Das MMB-Institut hat als weiteren wichtigen Trend für KMU Content Sharing ausgemacht. Aufwändig erstellte Lerninhalte können damit von anderen Unternehmen zweitverwertet werden. Die Web-Plattform Copendia hat diesen Trend bereits zum Geschäftsmodell gemacht. 80 Anbieter sind mittlerweile hier zu finden mit Kursen etwa zum effektiven Telefonieren am Arbeitsplatz, zu Preisdifferenzierung, Verhandlungstechnik und Business mit Stil.

"Technologisch sind die Kurse ausgereift, aber Unternehmer müssen natürlich ein Konzept für den Einsatz in ihrem Haus haben", sagt Antje Heinitz, Geschäftsführerin von Copendia. "Die Mitarbeiter müssen motiviert werden, damit sie den Kurs auch nutzen." Die Lizenzmodelle sind flexibel: "Eine Einzelplatzlizenz ist zum Beispiel schon für den Preis eines Lehrbuches erhältlich." Die Lerninhalte können auch mit eigenem Logo und eigenen Inhalten erweitert werden. Das MMB-Institut hat bei einer Befragung von E-Learning- Experten herausgefunden, dass in Zukunft vor allem solche Werkzeuge gefragt sind, die von vielen Beteiligten ohne großen Aufwand für gemeinsame Ergebnisse genutzt werden können. Der Trend geht also zu Web-2.0-Tools. Vor allem Firmen mit mehreren Zweigstellen und Dienstleistungsunternehmen könnten davon profitieren.

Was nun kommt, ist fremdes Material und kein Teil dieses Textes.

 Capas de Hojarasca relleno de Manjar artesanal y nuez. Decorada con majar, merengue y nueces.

Der Erfolg von E-Learning steht und fällt mit den Mitarbeitern. Positiv überrascht sind nach Beobachtungen von Marianne Schefczik-Dippel vor allem ältere und weibliche Mitarbeiter, "die zum Teil das erste Mal intensiven Kontakt mit dem Computer haben". Denn sie hätten von Anfang an die Einstellung: Ich muss daran arbeiten, alles zu verstehen. "Wenn die Bereitschaft da ist, Neues auszuprobieren, ist der Lerneffekt enorm."

E-Learning - diese Formen gibt es

Computer-Based Training (CTB): Kurse werden per Computer absolviert, ohne zeitgleiche Betreuung durch einen Trainer. Meist per CD-Rom zu kaufen.

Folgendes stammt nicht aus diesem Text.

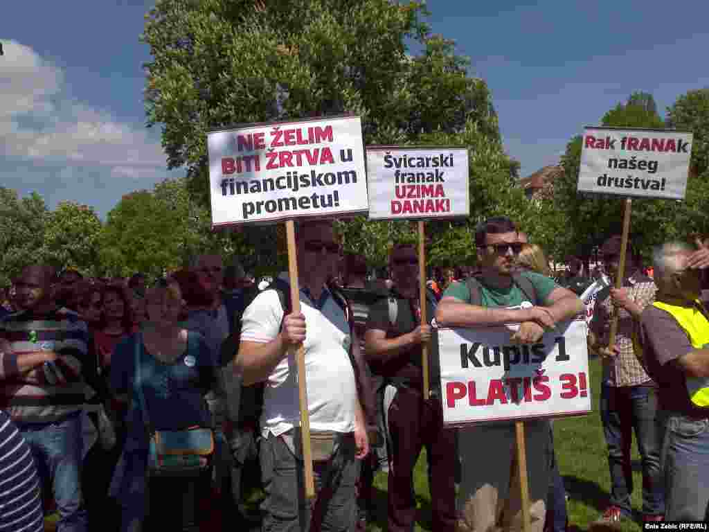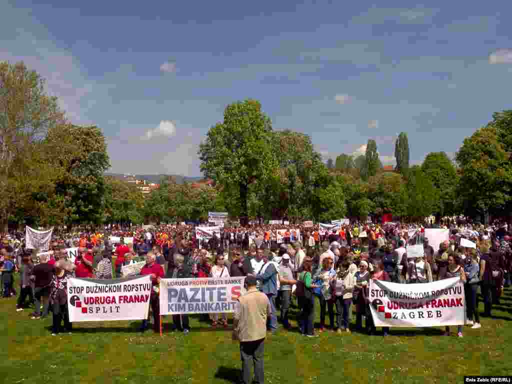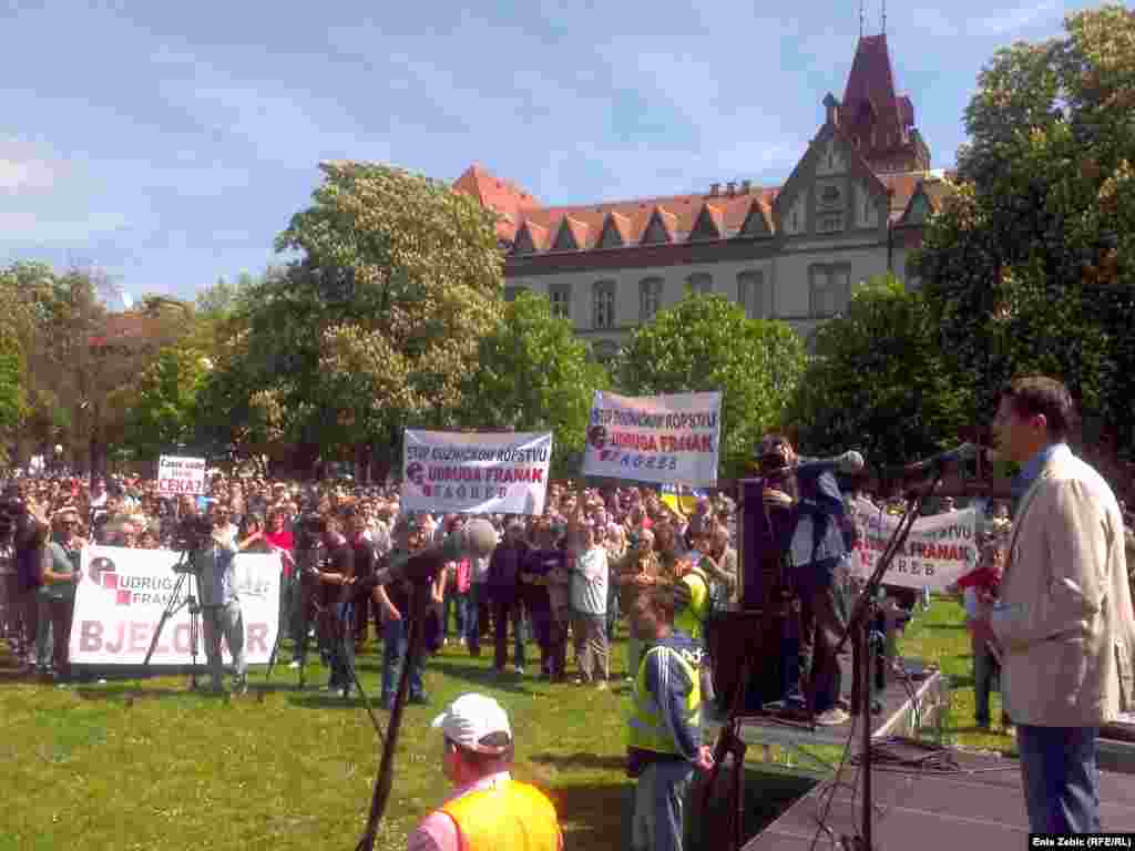 Pet do šest tisuća ljudi po policijskoj procjeni, a gotovo dvostruko više po procjeni organizatora prosvjedovalo je danas protiv nerada Hrvatske narodne banke i nerada Vlade u zaštiti građana koji imaju kredite u švicarskim francima.

Web-Based Training (WTB): Kurse werden über das Internet oder Intranet angeboten. Hier kann direkt mit dem Tutor/ Dozenten über Chats, Foren, Audio und Video kommuniziert werden. Zum Beispiel der eingangs erwähnte Kurs "Gefahrenanalyse und HACCP".

Blended Learning: E-Learning und klassischer Präsenzunterricht werden kombiniert.

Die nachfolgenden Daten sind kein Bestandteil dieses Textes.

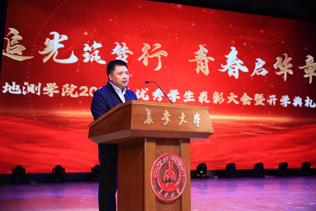 学院院长李振洪首先致辞,他代表学院全体师生对2024级全体新同学表示热烈的欢迎,同时对同学们提出了期望和要求:一是学习身边榜样,在学习中不断用知识完善自我,顺应时代大局,立鸿鹄之志,做挺膺担当奋斗者。二是以热爱为本,守初心之约,在专业学习中强化本领和担当,将个人梦想与强国使命相连,心怀家国,做民族复兴贡献者。三是以创新为帆,踏时代之浪,系统学习、锚定需求,青年学生更要勇于探索,读好“有字”“无字”之书,做全面发展“地测人”。
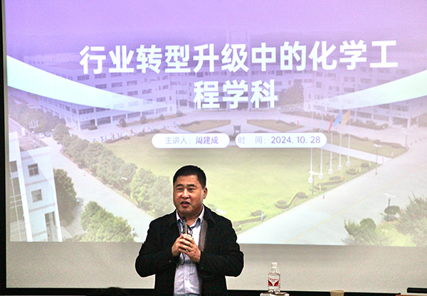 10月28日,制药与化学工程学院特邀520夫妻 化学化工学院教授、博士生导师,520夫妻 化学工程与工艺专业负责人周建成教授来校开展“行业转型升级背景下化学化工的现状与未来”专业讲座。讲座由制药与化学工程学院党总支书记周继荣主持。
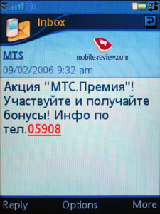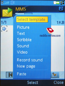 В основном меню Сообщений под папкой Входящие отображаются отдельно все почтовые аккаунты. Если у вас их три, то будут отображаться все три в последовательности занесения в аппарат. В папке Входящие указывается тип каждого сообщения (SMS, MMS, Beam), вы видите соответствующую иконку. Создание сообщения возможно практически из любого меню аппарата, в котором присутствует номер. Вы выбираете тип сообщения (SMS/MMS) и начинаете писать его. Под именем SMS-сообщения на самом деле скрываются и EMS-сообщения. Пользователя изолировали от принятия решения, какое же именно сообщение ему надо создать. Коли пишется только текст, то это будет SMS-сообщение. Если вы выбираете не только смайлики, но и мелодии, картинки, форматируете текст (речь не о функции Zoom), то сообщение автоматически превращается в EMS. Стандарт поддерживается в полной мере, тут нет никаких сюрпризов. Объединенные сообщения показываются в общем списке как одно сообщение, при наборе число сообщений отображается в стандартной манере (например, 1/2). Отдельно хочу отметить, что обновленная система Т9, которая подбирает вводимые слова и предлагает их окончание, сильно облегчает жизнь (аналогично тому, как это реализовано в телефонах Motorola). Другой плюс в том, что аппарат запоминает и целые сообщения (они хранятся в динамической памяти, ее объем оценить не удалось, подчеркиваю, это не Черновики). При начале ввода слова, которое было в предыдущих сообщениях, на экране начнут появляться все слова сообщения, вам останется либо выбрать его, либо продолжать ввод. Первое отличающееся слово – и с экрана исчезнет остаток сообщения. Идеальный способ хранения временных сообщений, которые вы не хотите вносить в Черновики. Из особенностей ввода текста также стоит отметить автоматическое изменение регистра при наборе. То есть первая буква предложения всегда заглавная; функцию можно отключить. Для обычных сообщений также можно отключить преобразование текстовых смайликов в их графическое представление. Отдельное сообщение можно отправить сразу многим абонентам, вы выбираете их при отправке из списка контактов, достаточно отметить имена или выбрать отдельные номера контакта. Массовая рассылка может осуществляться сразу для групп абонентов. При ответе на полученное сообщение вы имеете возможность выбора между SMS/MMS-сообщениями (в списке нет ответа почтовым сообщением). Создание MMS-сообщения приятно, есть несколько закладок, вы можете выбрать тайм-аут между страницами, создать свои шаблоны. Помимо стандартных файлов (графика, видео, фотографии, музыка и т.п.), к сообщению можно приложить эскиз, сделанный вами от руки на сенсорном экране (Scribble). Все стандартно, при отправке выбор контактов аналогичен SMS-сообщениям. Для MMS-сообщений присутствует возможность заказать не только отчет о доставке, но и отчет о прочтении сообщения.
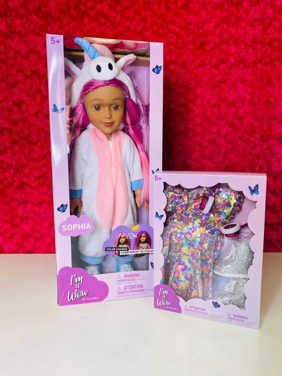I’M A WOW– Sophia- She is a true performer: she loves the big stage and the stage loves her. Whenever she gets the chance, she entertains her friends with a little dance or song. Her kind, hazelnut brown eyes and hot pink hair are unmistakably and truly Sophia. She feels all fuzzy and comfortable in her cute and trendy unicorn pajama and her blue glitter shoes. She is 36 cm (approx. 14 inches) tall.

Simulationen: Simulationen bilden die Realität nach. Beispiel: Flugsimulationen für Piloten.

Informelles Lernen: jederzeit, an jedem Ort, mit flexiblen Lernmodulen über das Internet, kein abgeschlossener Kurs.

Web 2.0-Lernen: Nutzer stellen selbst Inhalte her und tauschen sich dazu aus (Wikis, Podcasts, Social Networks, Communitys, Videokonferenzen).